• **Aim of the task**
In the records below, find the line containing "Esimerkki 5 (listattu" and transcribe it and every line after it exactly; leave the pictures out.

↓

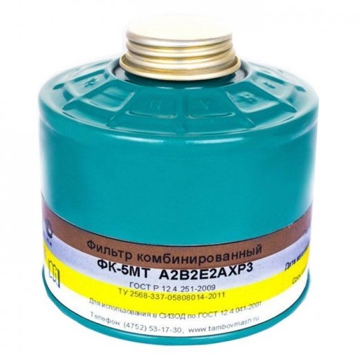 Фильтр к противогазу ФК-5МТ (м.A2B2E2AХP3) используется в составе фильтрующего противогаза ППФ-5М, защищает от нескольких видов вредных веществ различных по концентрации и составам:
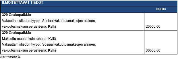 Esimerkki 5 (listattu yhtiö, alle vuoden kertymäaika): Työntekijä saa osakepalkkiona 50 000 euroa, josta rahana tulonsaajalle on maksettu 20 000 euroa ja osakkeina 30 000 euroa. Sekä rahana että osakkeina annettu osuus ilmoitetaan tulolajilla Osakepalkkio. Se osuus osakepalkkiosta, jota ei ole saatu rahana ilmoitetaan erillisenä summana ja siihen liitetään lisätieto "Maksettu muuna kuin rahana – Kyllä". Tarvittaessa vahvistetaan tulolajin vakuuttamistiedon tyyppi. Oletuksena Osakepalkkio-tulolajissa on, ettei se ole sairaus-, työttömyys- eikä työtapaturma- ja ammattitautivakuutusmaksun alainen. Sitä vastoin tulolaji on työeläkevakuutusmaksun alainen. Tässä tapauksessa maksetusta palkkiosta maksetaan sosiaalivakuutusmaksut, ja se ilmoitetaan käyttämällä vakuuttamistiedon tyyppiä.
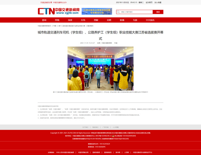 【中國(guó)交通新聞網(wǎng)】城市軌道交通列車(chē)司機(jī)(學(xué)生組)、公路養(yǎng)護(hù)工(學(xué)生組)職業(yè)技能大賽江蘇省選拔賽開(kāi)幕式
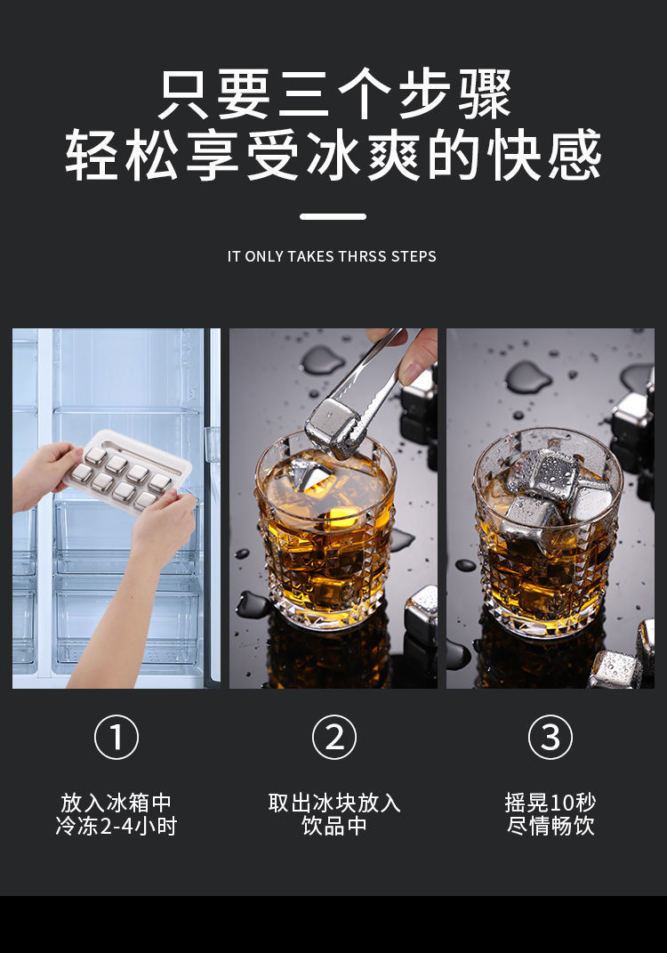 304不锈钢冰块金属铁威士忌铁冰石家用冰镇316冰粒模具速冻冰酒石
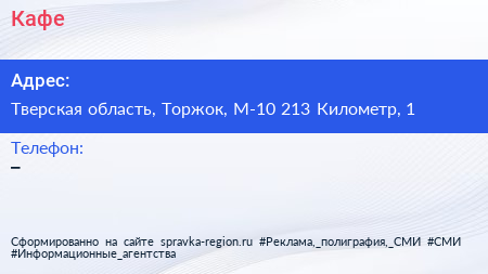Кафе по адресу Тверская область, Торжок, М-10 213 Километр, 1 в дальнейшем Организация, размещена в следующих категориях:
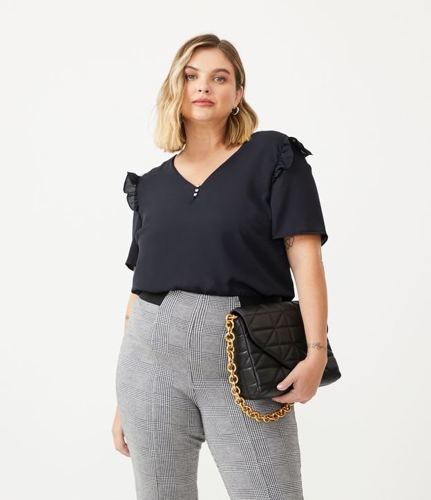 Blusa Manga Curta em Chiffon com Babados e Botões Curve & Plus Size

↑

• **Answer to the problem**
 Esimerkki 5 (listattu yhtiö, alle vuoden kertymäaika): Työntekijä saa osakepalkkiona 50 000 euroa, josta rahana tulonsaajalle on maksettu 20 000 euroa ja osakkeina 30 000 euroa. Sekä rahana että osakkeina annettu osuus ilmoitetaan tulolajilla Osakepalkkio. Se osuus osakepalkkiosta, jota ei ole saatu rahana ilmoitetaan erillisenä summana ja siihen liitetään lisätieto "Maksettu muuna kuin rahana – Kyllä". Tarvittaessa vahvistetaan tulolajin vakuuttamistiedon tyyppi. Oletuksena Osakepalkkio-tulolajissa on, ettei se ole sairaus-, työttömyys- eikä työtapaturma- ja ammattitautivakuutusmaksun alainen. Sitä vastoin tulolaji on työeläkevakuutusmaksun alainen. Tässä tapauksessa maksetusta palkkiosta maksetaan sosiaalivakuutusmaksut, ja se ilmoitetaan käyttämällä vakuuttamistiedon tyyppiä.
 【中國(guó)交通新聞網(wǎng)】城市軌道交通列車(chē)司機(jī)(學(xué)生組)、公路養(yǎng)護(hù)工(學(xué)生組)職業(yè)技能大賽江蘇省選拔賽開(kāi)幕式
 304不锈钢冰块金属铁威士忌铁冰石家用冰镇316冰粒模具速冻冰酒石
Кафе по адресу Тверская область, Торжок, М-10 213 Километр, 1 в дальнейшем Организация, размещена в следующих категориях:
 Blusa Manga Curta em Chiffon com Babados e Botões Curve & Plus Size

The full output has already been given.